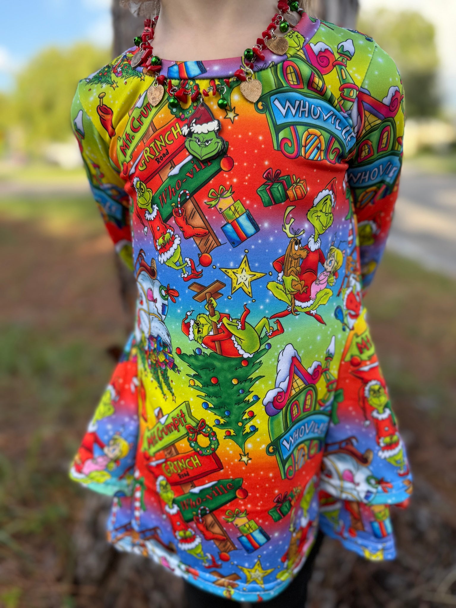 This listing is for the Grinchy Glow fabric. Please choose the style that you would like to have made in this fabric, and the size. Also, select any additional add on's.
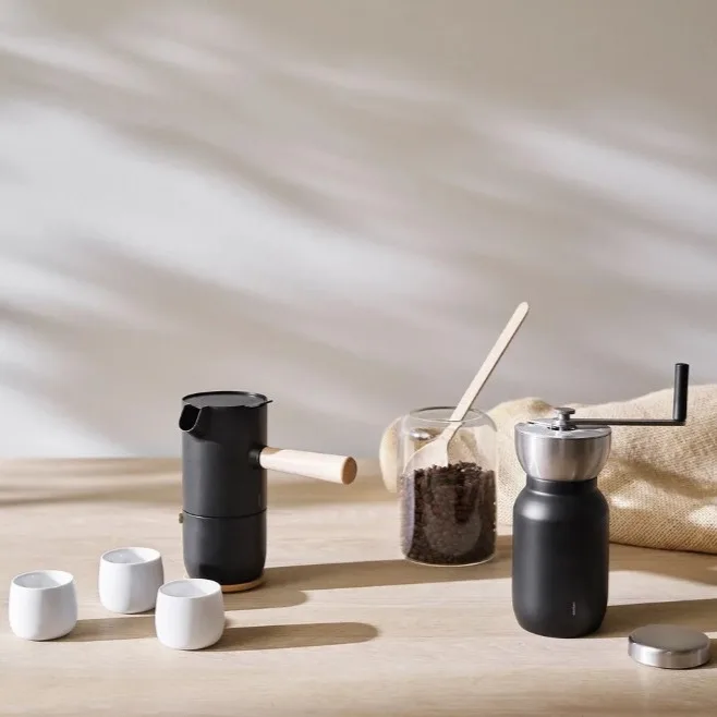 El dúo de diseñadores italianos, Daniel Debiasi y Fredrico Sandri han creado una colección de café minimalista y estética diseñada especialmente para todos los aficionados al café. Con el molinillo de café Collar puedes moler tus propios granos a mano, lo cual es esencial para la característica infusión de espresso.
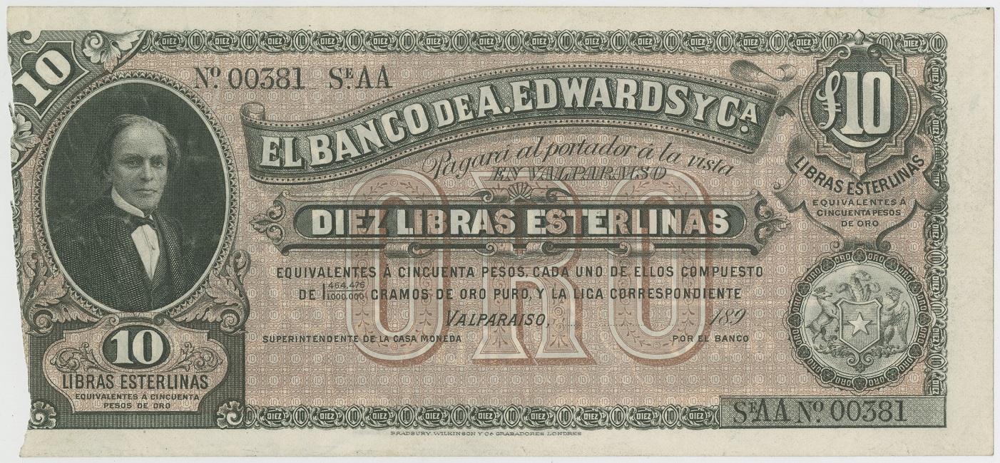 Objeto para realizar transacciones económicas, compuesto de papel impreso con tinta de color verde y café en el anverso, y en el reverso solo de color café.
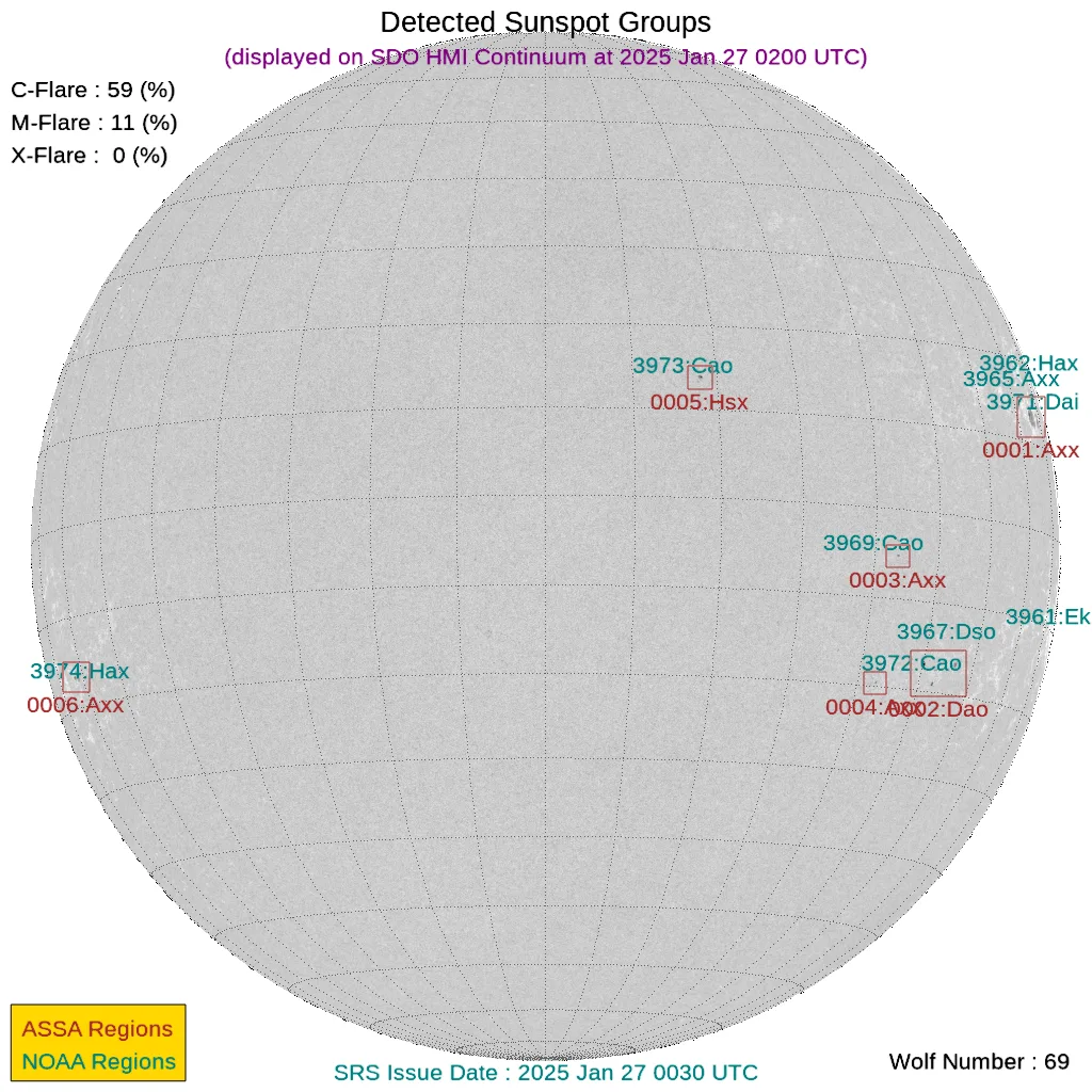 現時点で地球正面の黒点群は[3973]です。←黒点番号が振られていない活動領域でもフレアは発生しますので、あくまで目安として捉えてください。
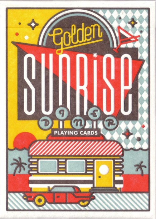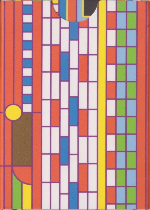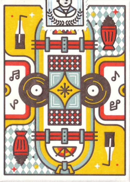 The traditional Court cards are modified with varying colors throughout the entire deck, and the letters/numbers utilize the custom striped font.
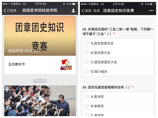 本次知识竞赛的比赛形式为线上答题,内容包括团章、团史、团内相关文件、习近平总书记关于青少年和共青团工作论述等,共计50道选择题。晚上8点整,团员们进入太阳成集团官方网站微信公众号,点击进入考试答题答完提交即可查询分数及正确答案。最终,2016级医学检验技术专业巫杰、2017级卫生检验与检疫专业徐娇阳等6名同学以满分成绩荣获优胜奖。
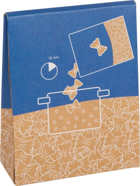 Kartonowe pudełko łatwo się otwiera i zamyka, a na tylnej stronie oferuje zrozumiały obrazkowy przebieg „gotowania”.

→ **WHAT IS REQUIRED**: Wording must stay exact. Give again the lines from the line with "The traditional Court" through the last line of the listing, both ends included, without pictures.

→ **RESPONSE BELOW**:
 The traditional Court cards are modified with varying colors throughout the entire deck, and the letters/numbers utilize the custom striped font.
 本次知识竞赛的比赛形式为线上答题,内容包括团章、团史、团内相关文件、习近平总书记关于青少年和共青团工作论述等,共计50道选择题。晚上8点整,团员们进入太阳成集团官方网站微信公众号,点击进入考试答题答完提交即可查询分数及正确答案。最终,2016级医学检验技术专业巫杰、2017级卫生检验与检疫专业徐娇阳等6名同学以满分成绩荣获优胜奖。
 Kartonowe pudełko łatwo się otwiera i zamyka, a na tylnej stronie oferuje zrozumiały obrazkowy przebieg „gotowania”.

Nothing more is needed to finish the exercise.